# I did not know this, cool window trick for keyless entry Beetles



## Chrisho (Dec 1, 2012)

http://jayscarblog.com/volkswagen-beetle-window-trick/


----------



## drtechy (Jun 3, 2009)

With Vagcom you can make it so you can control your windows from your keyfob also.


----------



## BugzLife (Nov 20, 2012)

It doesnt seem to work on my hardtop. Thats a really kewl feature though. :beer:


----------



## Chrisho (Dec 1, 2012)

BugzLife said:


> It doesnt seem to work on my hardtop. Thats a really kewl feature though. :beer:


 do you have keyless entry? It works fine on my convertible. Is your hardtop and early model? I wonder if its a 13 thing? 

First we get locking glove boxes, then we get windows that work, and on top of that we get extra features on our key less entry!!!! Convertibles rule. 

Oh, we got the spoiler too, WITH the painted side up!


----------



## BugzLife (Nov 20, 2012)

Chrisho said:


> do you have keyless entry? It works fine on my convertible. Is your hardtop and early model? I wonder if its a 13 thing?
> 
> First we get locking glove boxes, then we get windows that work, and on top of that we get extra features on our key less entry!!!! Convertibles rule.
> 
> Oh, we got the spoiler too, WITH the painted side up!
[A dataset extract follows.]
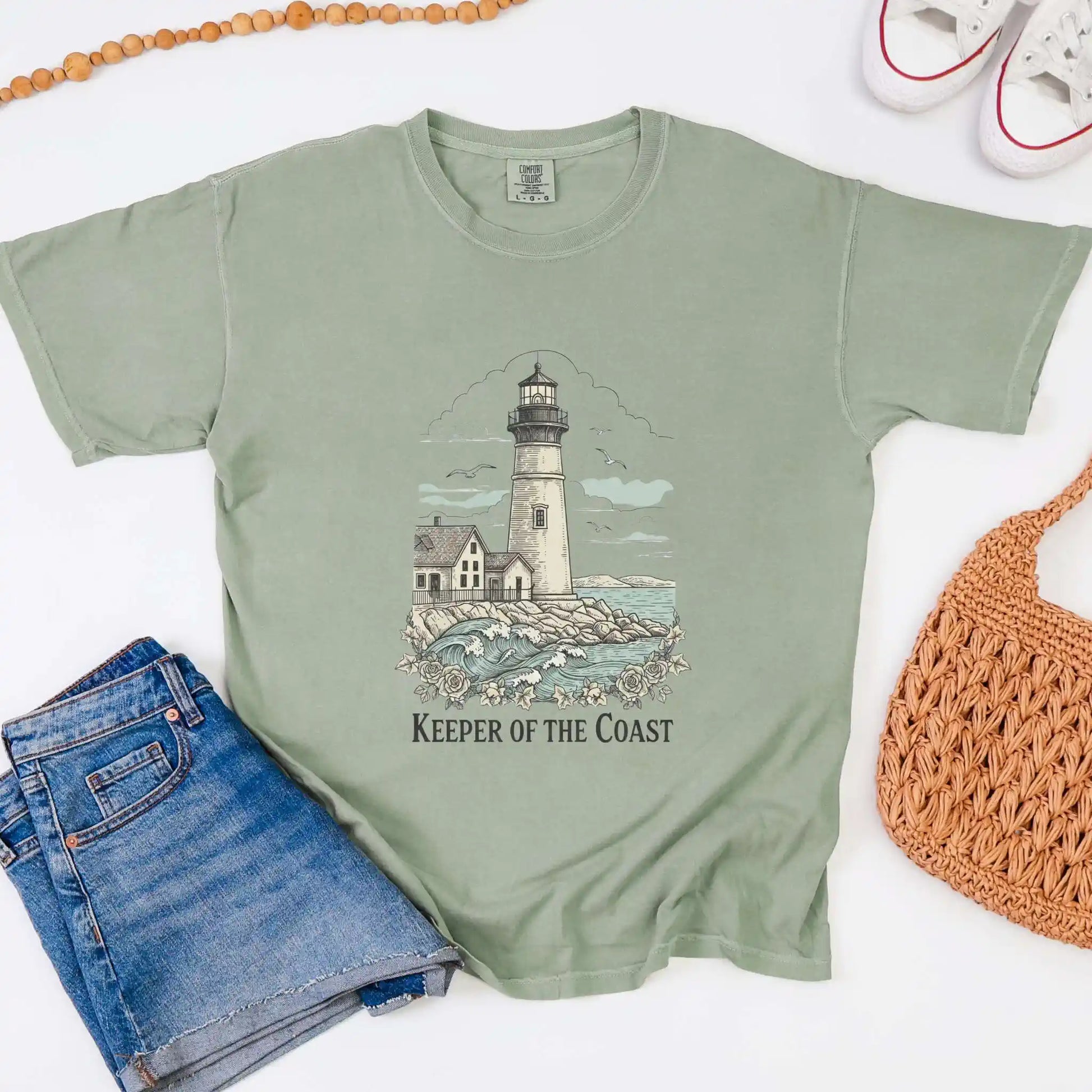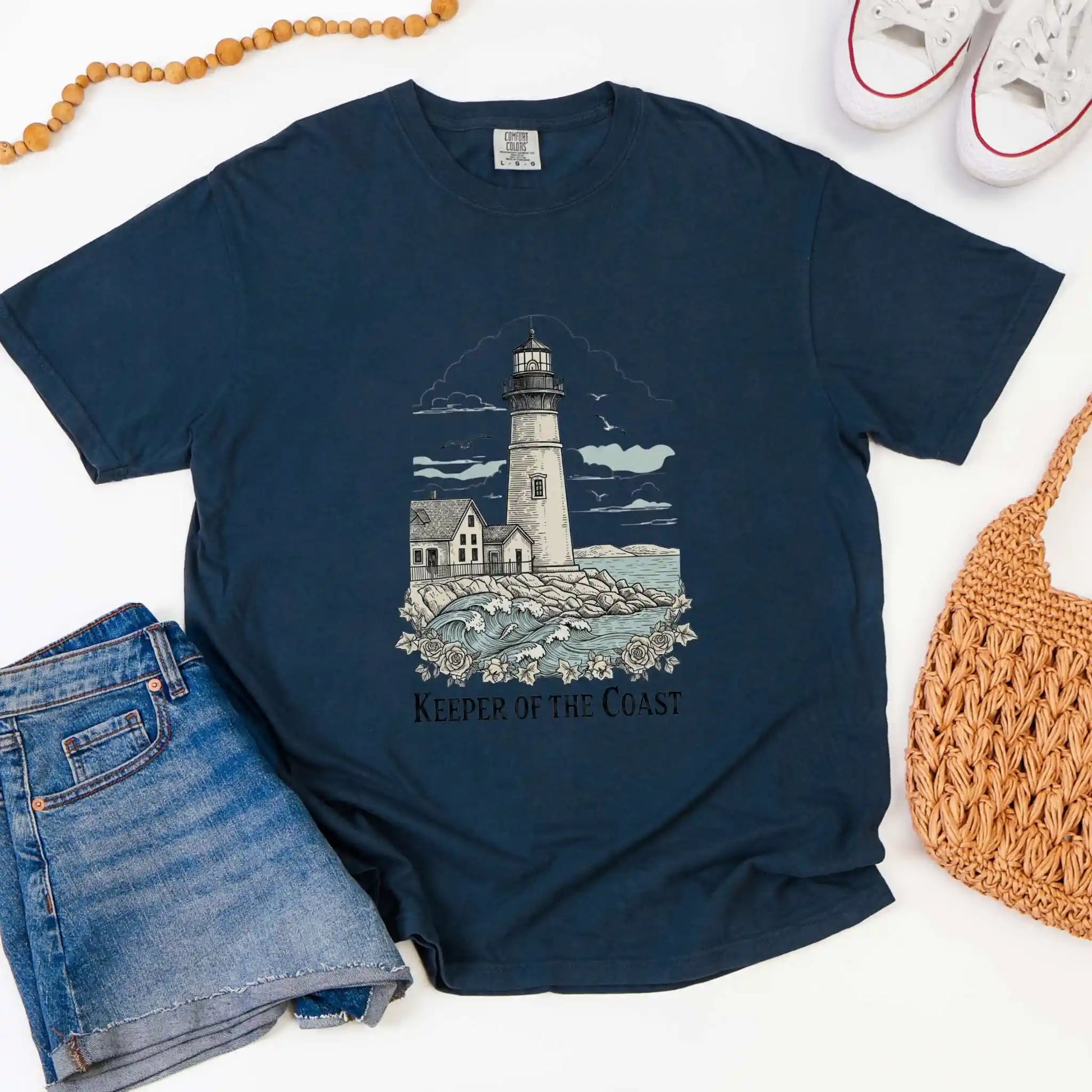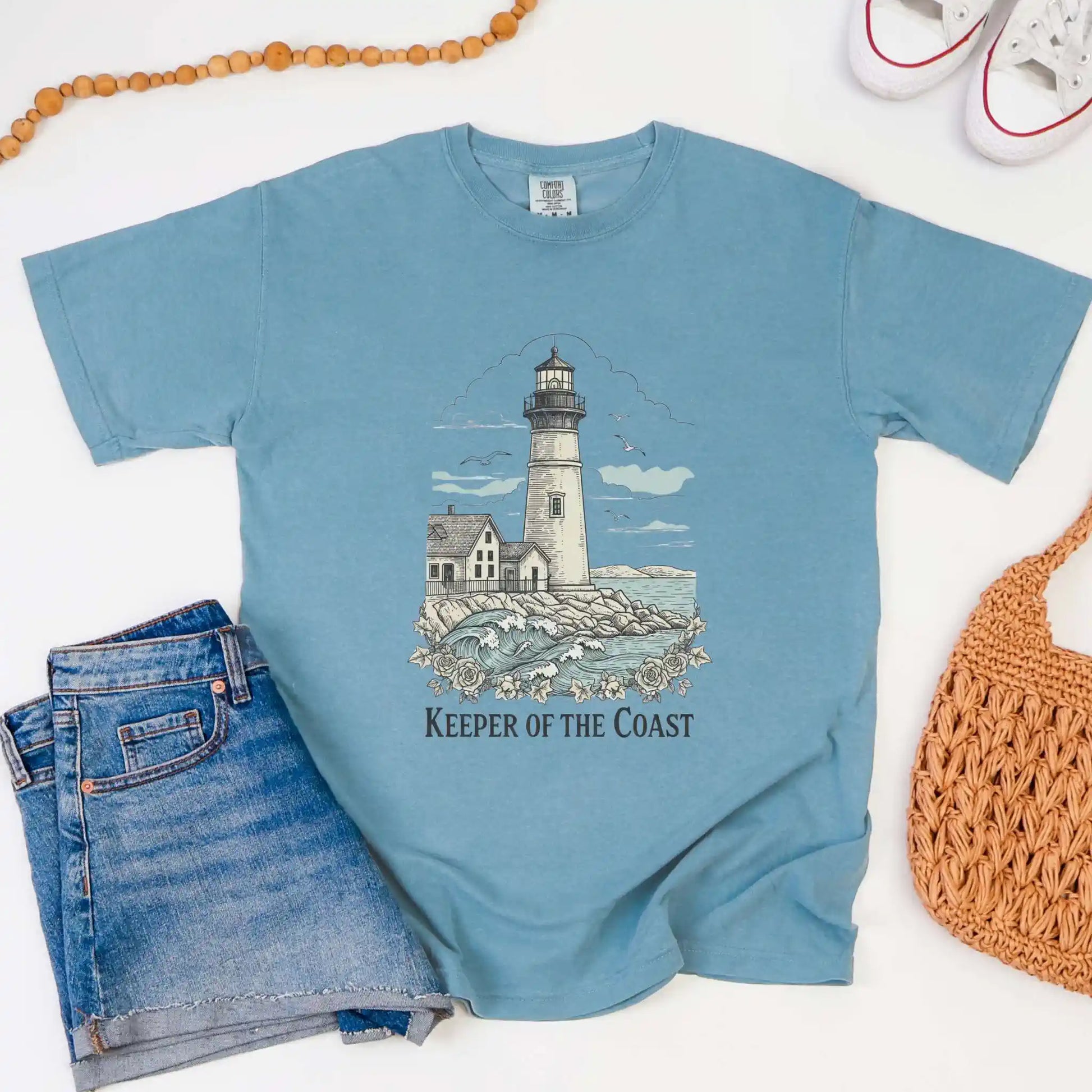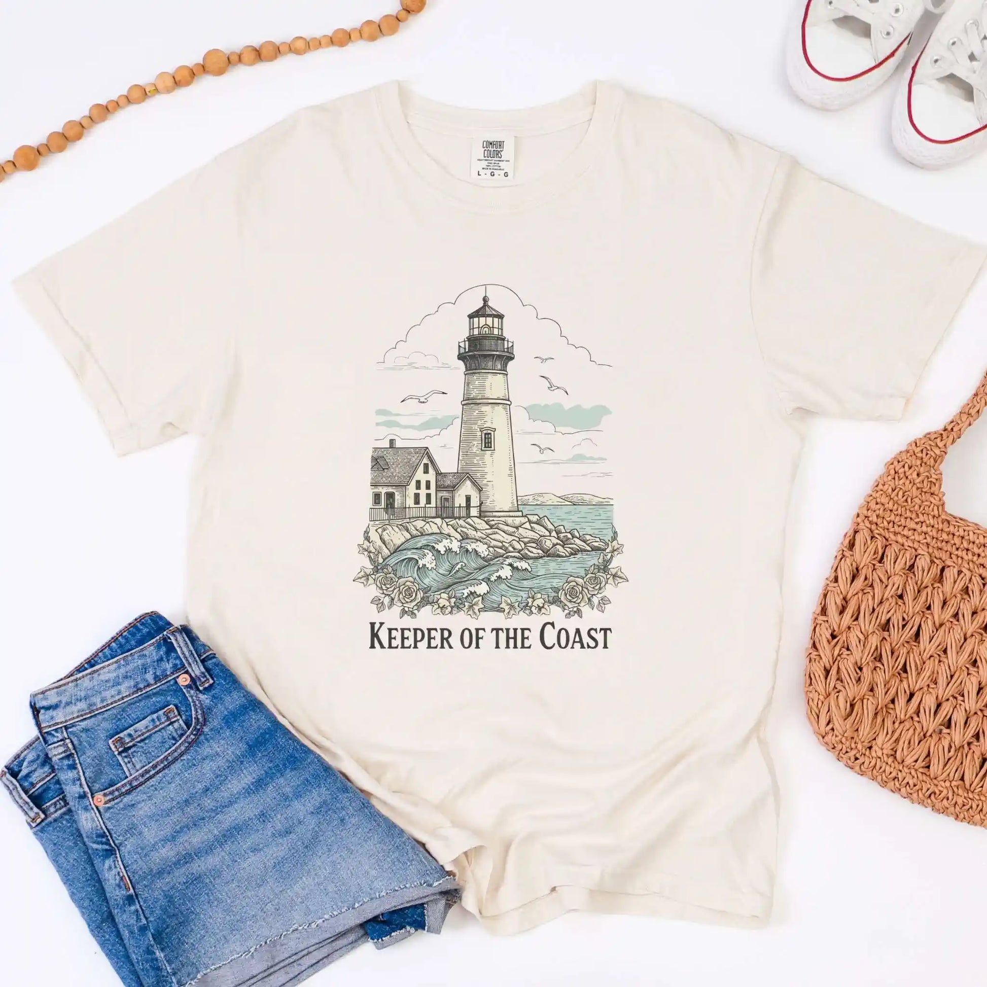 Features a front design of a lighthouse rising above rocky shores, framed by soft roses and crashing waves, with seagulls in flight. The phrase “Keeper of the Coast” anchors the artwork, making it ideal for beach wanderers, ocean dreamers, or anyone drawn to nautical style.

 Yeah, I got all that on my '12...keyless entry and everything else. Must just be one of those non-obvious added features that you gotta find by accident....but only on the vert' :beer:


----------



## Chrisho (Dec 1, 2012)

BugzLife said:


> Yeah, I got all that on my '12...keyless entry and everything else. Must just be one of those non-obvious added features that you gotta find by accident....but only on the vert' :beer:


 I wonder if it can be VCD'd in.


----------



## VWNDAHS (Jun 20, 2002)

I've done this haphazardly for months couldnt figure out what the right combo was, thanks!


----------



## Grimey-1 (Dec 9, 2007)

BugzLife said:


> It doesnt seem to work on my hardtop. Thats a really kewl feature though. :beer:


 It worked on my hardtop...It even opened my sun roof :thumbup: 

Thanks eace:


----------



## MnATL (Oct 26, 2010)

Works on my '13 too


----------



## Chrisho (Dec 1, 2012)

would be even more awesome on 'verts if you could raise/lower top that way. However I think that would be blocked to not kill the battery


----------



## drtechy (Jun 3, 2009)

Chrisho said:


> would be even more awesome on 'verts if you could raise/lower top that way. However I think that would be blocked to not kill the battery


 I wonder if it can be done in vag com, anyone with a vert have a vag com to try?


----------



## BugzLife (Nov 20, 2012)

Grimey-1 said:


> It worked on my hardtop...It even opened my sun roof :thumbup:
> 
> Thanks eace:


 Maybe Im not gettin' the combo right since it seems to work for everyone else. Maybe Ill spend some time with her and see what Im doin wrong. :beer:


----------



## plex03 (Nov 10, 2011)

It doesn't work on mine either. 

2012 Turbo Hardtop.


----------